Uma vez que estou com as mãos na massa, ainda conto um episódio sucedido com o pai do Zé de Melo. Este era Júnior, aquele era simplesmente José de Melo, antigo escrivão de direito na comarca de Luanda.
Habituado às terras tropicais, como sucede a muitos que, por lá andaram muitos anos, se desprendem completamente da metrópole, José de Melo Pai fixou a sua residência no Bié, depois de aposentado. Vivia só, ou juridicamente só. Tinha a mulher na metrópole com uma filha, mas de certa altura da vida em diante não voltou cá, tendo mandado ir o filho para a companhia dele, quando ainda em Luanda.

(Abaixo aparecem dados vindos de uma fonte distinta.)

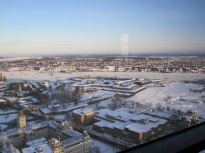 Our final stop on our sightseeing outing was the Capital Observatory (L'Observatoire de la Capitale). This 31-story skyscraper offers visitors an awesome overview of the city - visually and literally. It was $10 per person to ride the elevator to the 31st floor. Once at the top, Traci and I spent an hour and a half walking around admiring the view of the city in all directions through the large windows. I was sorry we did not start our vacation here because there was a short film called The Six Capitals that played continuously. The film gave an outstanding summary of Quebec's 400-year history, its neighborhoods, and its culture. This was the information I had hoped to get from the Quebec Experience attraction we tried to visit on our first day. Nonetheless, the film validated Traci and I had made good progress in seeing the city through guided tours and our own sightseeing.
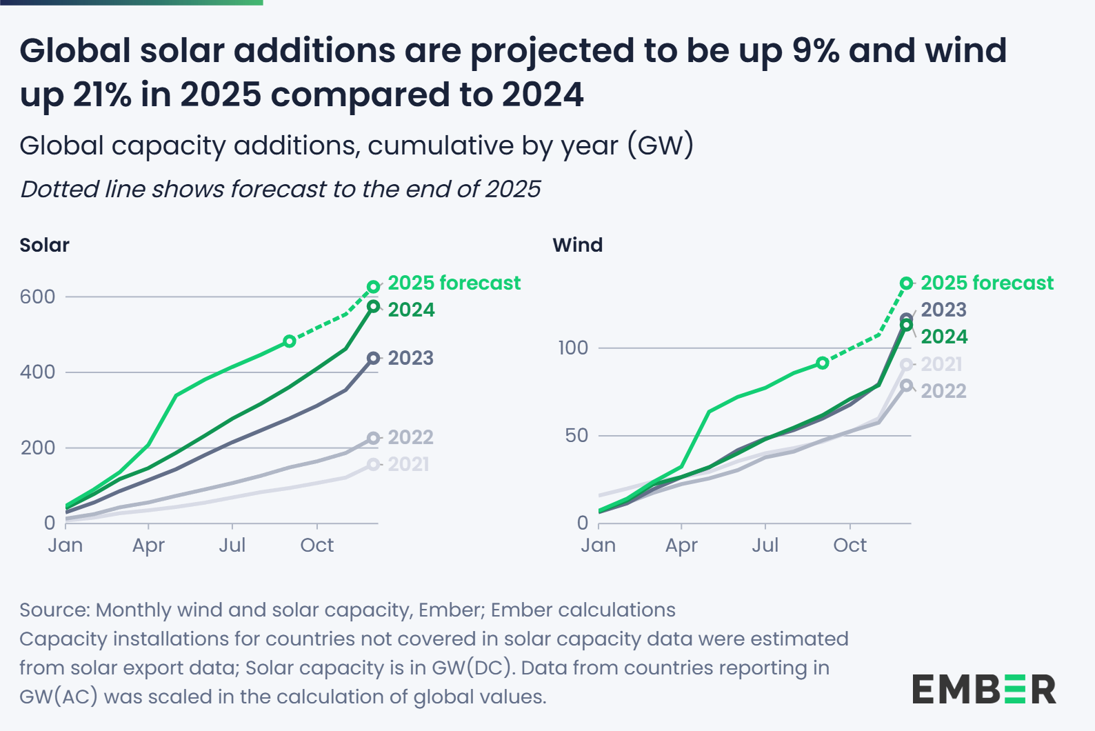 A transição energética global está a ganhar velocidade. De acordo com a Ember, em 2025 deverão ser acrescentados cerca de 793 gigawatts (GW) de capacidade renovável, um aumento de 11% face a 2024 e o terceiro ano consecutivo de forte crescimento. A expansão é liderada pela energia solar, com a China a representar dois terços das novas instalações solares e eólicas previstas.

Tinha ele um carro Ford, daqueles primeiros que se fabricaram, de calça arregaçada, assim chamados por terem as rodas altas e se prestarem à travessia de regiões de solo irregular, semeado de pedregulhos, por entre e por cima dos quais o Ford passava sem se molestar.

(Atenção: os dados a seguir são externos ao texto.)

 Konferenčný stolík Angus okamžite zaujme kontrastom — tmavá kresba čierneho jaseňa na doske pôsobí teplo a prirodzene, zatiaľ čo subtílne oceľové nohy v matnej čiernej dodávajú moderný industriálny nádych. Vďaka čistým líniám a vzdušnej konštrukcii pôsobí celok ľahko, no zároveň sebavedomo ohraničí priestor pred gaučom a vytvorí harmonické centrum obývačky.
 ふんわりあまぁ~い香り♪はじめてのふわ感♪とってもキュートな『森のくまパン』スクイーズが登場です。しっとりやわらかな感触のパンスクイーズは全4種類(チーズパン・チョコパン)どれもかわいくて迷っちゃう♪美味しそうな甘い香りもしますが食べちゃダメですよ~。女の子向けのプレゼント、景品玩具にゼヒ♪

Um dia, José de Melo Pai, apareceu em minha casa muito aborrecido, e contou o que sucedera.
Tinha-se instalado no carro para seguir para o Huambo (hoje, Nova Lisboa), quando, ao dar as primeiras pedaladas no arranque para pôr o carro a andar, sentiu uma forte picada debaixo dele, que o fez dar um salto. Saiu do carro para verificar o que se passava, e deu com um enxame de abelhas instalado dentro da almofada do automóvel, na qual se tinha metido por um pequenino orifício que as abelhas descortinaram na almofada. Esta era de couro, mais ou menos oca, com espaço suficiente para a colmeia trabalhar. As abelhas é que, senhoras da fortaleza, não consentiram que um estranho lhes fechasse a entrada, e puseram em acção a sua arma de defesa, dando uma forte ferroada naquilo que encontraram e que, pelos modos, não lhes ofereceu inteira resistência ao ataque.

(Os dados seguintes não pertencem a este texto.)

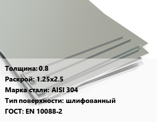Лист нержавеющий 0.8 1.25х2.5 Сталь: AISI 304 Тип:шлифованный EN 10088-2
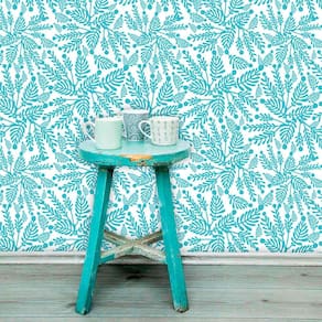 Papel de Parede Adesivo Lavável Floral Folha Azul
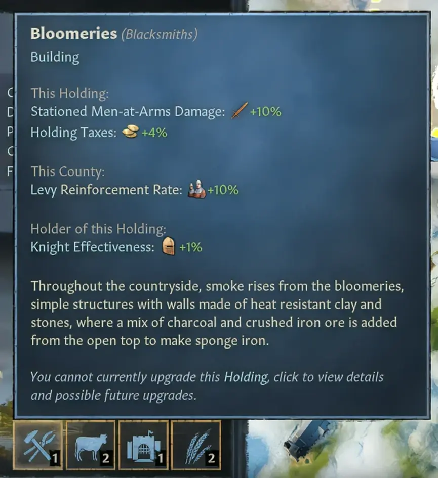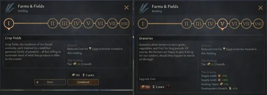這些改動將使得直屬領地比之前有些許下降,並提高種田的潛力 - 因為現在隨著時間推進,你可以提升並專精你的地產(譯者:弓箭堡、重騎堡、槍兵堡)。遊戲的開局階段鎖定了部分建築選項,這將使得你在整局遊戲過程中都需要不斷選擇建造的哪些建築 - 現在還會部分建築直到較晚的時代才會解鎖。建築槽解鎖基於根據文化的基準,但是一個地產在它的文化改變時不會失去建築槽。
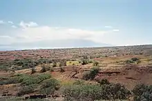 Kahoʻolawe (Hawaiian: [kəˈhoʔoˈlɐve]), anglicized as Kahoolawe (/kɑːˌhˈlɑːw, -v/[3]), is the smallest of the eight main volcanic islands in the Hawaiian Islands. Kahoʻolawe is about seven miles (11 km) southwest of Maui and also southeast of Lānaʻi, and it is 11 mi (18 km) long by 6.0 mi (9.7 km) wide, with a total land area of 44.97 sq mi (116.47 km2).[4] The highest point on Kahoʻolawe is the crater of Lua Makika, at the summit of Puʻu Moaulanui, about 1,477 feet (450 m) above sea level.[5] Kahoʻolawe is relatively dry (average annual rainfall is less than 65 cm or 26 in)[6] because the island's low elevation fails to generate much orographic precipitation from the northeastern trade winds, and Kahoʻolawe is in the rain shadow of eastern Maui's 10,023-foot-high (3,055 m) volcano, Haleakalā. More than one quarter of Kahoʻolawe has been eroded down to saprolitic hardpan soil, largely on exposed surfaces near the summit.
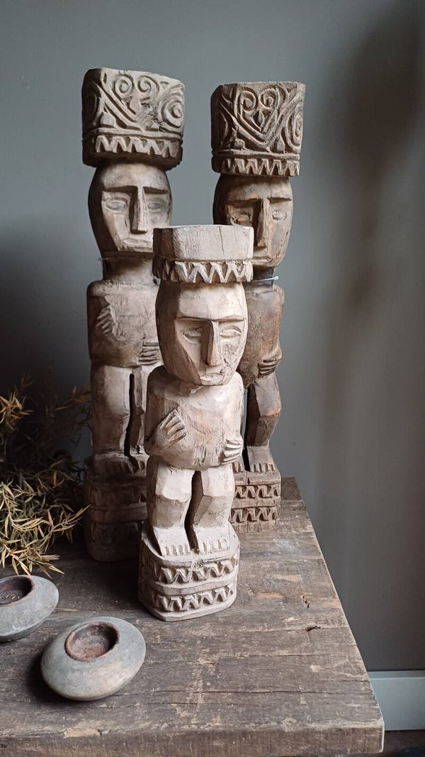 Houten beeld pop van man, Kedungu, hand gemaakt. Kan ook als kandelaar gebruikt worden.

Foi um trabalhão para espantar dali as abelhas, tendo-se aproveitado, para o feito, a perícia dos mais hábeis apícolas indígenas. É claro que José de Melo nesse dia não seguiu para Huambo, que fica a muitas dezenas de quilómetros de Silva Porto, que era, e é, a sede do Distrito do Bié, e hoje é sede de Província e de Diocese, além de Comarca, que já era, talvez, a melhor do nosso Ultramar, debaixo do ponto de vista climatérico. São das mais gratas ao meu espírito as recordações que conservo daquela terra, entre as quais avultam, como acabais de verificar, esses episódios em que as abelhas desempenharam o principal papel.